SUPPLIED RECORDS
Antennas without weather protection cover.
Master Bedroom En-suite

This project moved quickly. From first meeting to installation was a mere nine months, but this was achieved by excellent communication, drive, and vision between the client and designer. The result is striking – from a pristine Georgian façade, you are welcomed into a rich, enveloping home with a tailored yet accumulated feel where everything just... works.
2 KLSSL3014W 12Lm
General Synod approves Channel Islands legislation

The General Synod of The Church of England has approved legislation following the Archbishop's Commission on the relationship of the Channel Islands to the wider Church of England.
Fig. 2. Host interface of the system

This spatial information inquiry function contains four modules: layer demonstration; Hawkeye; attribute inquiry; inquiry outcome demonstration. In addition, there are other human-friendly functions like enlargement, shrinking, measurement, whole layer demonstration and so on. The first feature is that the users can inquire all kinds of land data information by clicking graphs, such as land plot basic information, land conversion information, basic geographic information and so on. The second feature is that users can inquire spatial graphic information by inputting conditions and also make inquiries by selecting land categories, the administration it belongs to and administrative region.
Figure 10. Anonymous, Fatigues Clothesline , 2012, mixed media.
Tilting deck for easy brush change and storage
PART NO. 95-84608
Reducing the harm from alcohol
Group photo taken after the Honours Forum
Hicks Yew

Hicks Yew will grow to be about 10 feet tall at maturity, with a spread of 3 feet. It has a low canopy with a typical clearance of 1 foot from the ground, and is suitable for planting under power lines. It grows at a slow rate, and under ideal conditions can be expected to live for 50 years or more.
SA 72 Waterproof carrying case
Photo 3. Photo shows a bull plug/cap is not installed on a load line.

* * *

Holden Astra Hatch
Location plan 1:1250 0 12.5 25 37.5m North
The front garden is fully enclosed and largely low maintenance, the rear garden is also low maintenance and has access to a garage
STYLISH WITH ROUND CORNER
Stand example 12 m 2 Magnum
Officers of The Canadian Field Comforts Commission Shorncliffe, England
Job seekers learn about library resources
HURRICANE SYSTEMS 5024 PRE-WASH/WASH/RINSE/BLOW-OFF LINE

WHAT NEEDS TO BE DONE
Please make an exact copy of the lines above from the line with "SA 72 Waterproof carrying case" through the line with "Photo 3. Photo", both ends included.

YOUR SOLUTION
SA 72 Waterproof carrying case
Photo 3. Photo shows a bull plug/cap is not installed on a load line.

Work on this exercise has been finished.